EX-10.2 3 dex102.htm REVOLVING LINE OF CREDIT NOTE REVOLVING LINE OF CREDIT NOTE $20,000,000.00 Spokane, Washington August 19, 2009
Exhibit 10.2
$20,000,000.00 | Spokane, Washington | |
August 19, 2009 |
FOR VALUE RECEIVED, the undersigned KEY TRONIC CORPORATION, a Washington corporation (“Borrower”) promises to pay to the order of XXXXX FARGO BANK, N.A., a national banking association (“Bank”), at its office at 000 Xxxx 0xx Xxxxxx, Xxxxx 000, Xxxxxxx, Xxxxxxxxxx 00000, or at such other place as the holder hereof may designate, in lawful money of the United States of America and in immediately available funds, the principal sum of Twenty Million and 00/100 Dollars ($20,000,000.00), or so much thereof as may be advanced and be outstanding, with interest thereon, to be computed on each advance from the date of its disbursement as set forth herein.

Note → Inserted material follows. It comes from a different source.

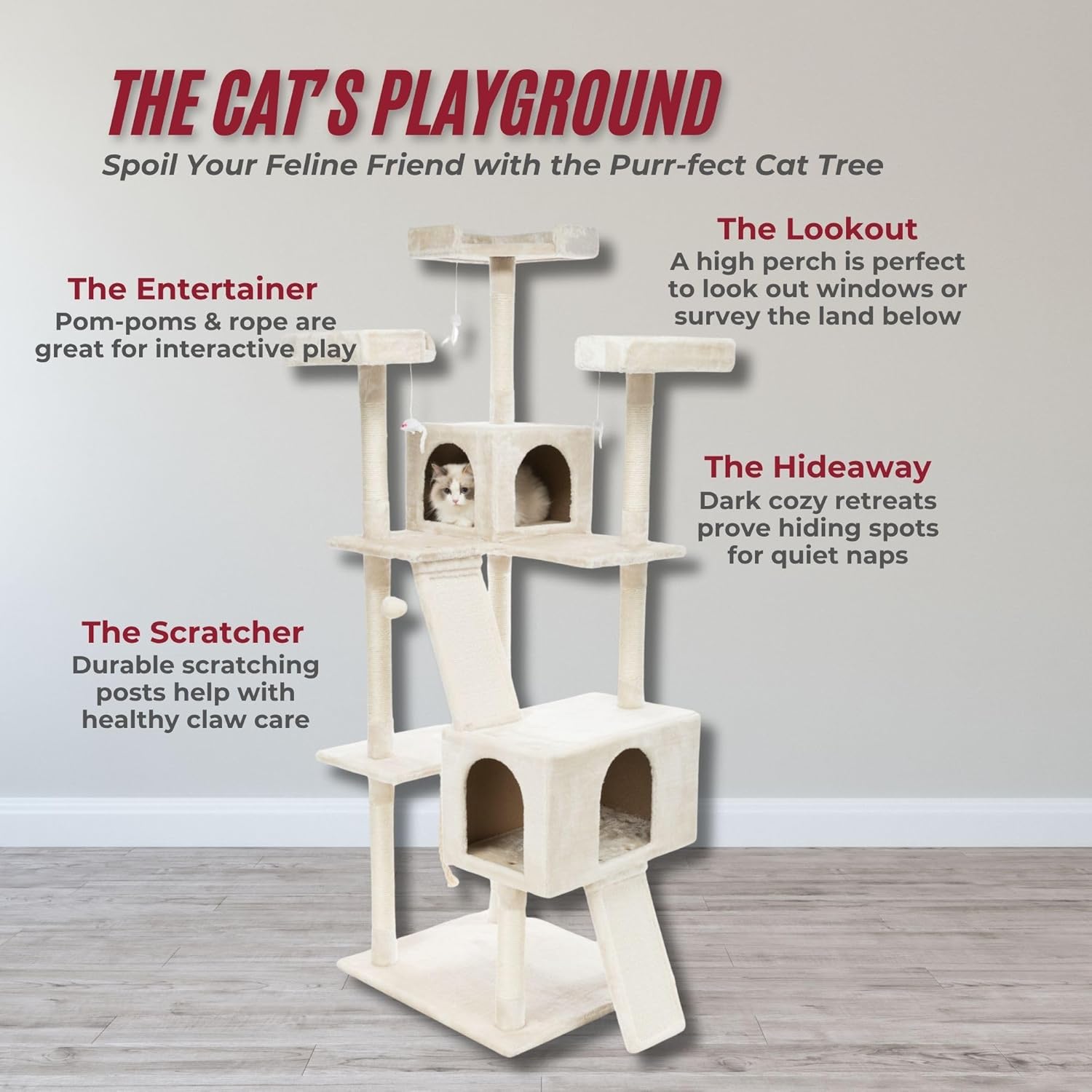 The TRIXIE Celeste Cat Tower XL is a fun-filled, feline playground. It will provide endless opportunities for cats to play, explore, scratch or just relax. Felines can sharpen their claws on the three tall scratching columns instead of on your furniture or carpet, giving them a healthy outlet for their scratching instincts. The scratching columns are covered in durable sisal. If a nap or place to hide is in order, the cat can crawl inside one of the two kitty condos. Feeling a little spunky? Jump, climb or perch atop the plush covered platforms and lie in wait for unsuspecting prey or simply enjoy the view. For added comfort and security the top three platforms include raised edges. For even more feline fun, Celeste features two climbing ramps that let your cat really run up the tower. The climbing ramps double as additional scratching surfaces with sisal tops. Plus a sturdy rope for tempting more play. Also included are four dangling toys that are sure to pique your curious cat's interest. Suitable for cats of all ages and activity levels.
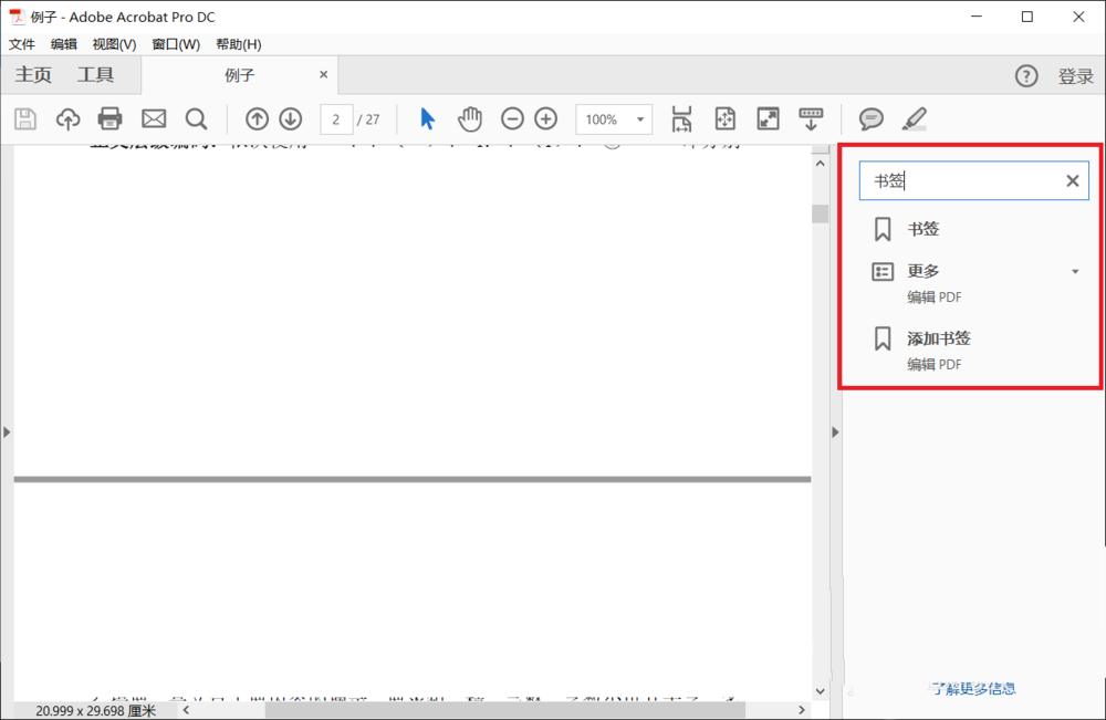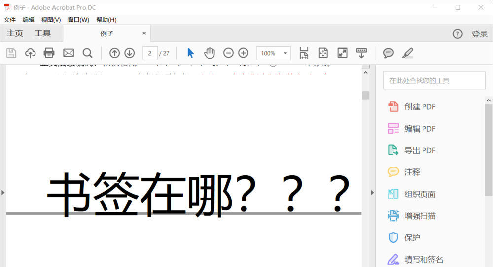 1、能有的PDF用Adobe Acrobat DC打开之后,默认不显示书签。您可以查找工具,来找到书签。

As used herein, the following terms shall have the meanings set forth after each, and any other term defined in this Note shall have the meaning set forth at the place defined:
(a) “Base Rate” means, for any day, a fluctuating rate equal to the highest of: (i) the Prime Rate in effect on such day, (ii) a rate determined by Bank to be one and one-half percent (1.50%) above Daily One Month LIBOR in effect on such day, and (iii) the Federal Funds Rate plus one and one-half percent (1.50%).
(b) “Business Day” means any day except a Saturday, Sunday or any other day on which commercial banks in Washington are authorized or required by law to close.
(c) “Daily One Month LIBOR Rate” means, for any day, the rate of interest equal to LIBOR then in effect for delivery for a one (1) month period.
(d) “Federal Funds Rate” means, for any day, the rate per annum equal to the weighted average of the rates on overnight Federal funds transactions with members of the Federal Reserve System arranged by Federal funds brokers for the immediately preceding day, as published by the Federal Reserve Bank of New York; provided that if no such rate is so published on any day, then the Federal Funds Rate for such day shall be the rate most recently published.
(e) “Fixed Rate Term” means a period commencing on a Business Day and continuing for one (1) month, two (2) months, three (3) months or six (6) months, as designated by Borrower, during which all or a portion of the outstanding principal balance of this Note bears interest determined in relation to LIBOR; provided however, that no Fixed Rate Term may be selected for a principal amount less than Five Hundred Thousand and 00/100 Dollars ($500,000.00); and provided further, that no Fixed Rate Term shall extend beyond the scheduled maturity date hereof. If any Fixed Rate Term would end on a day which is not a Business Day, then such Fixed Rate Term shall be extended to the next succeeding Business Day.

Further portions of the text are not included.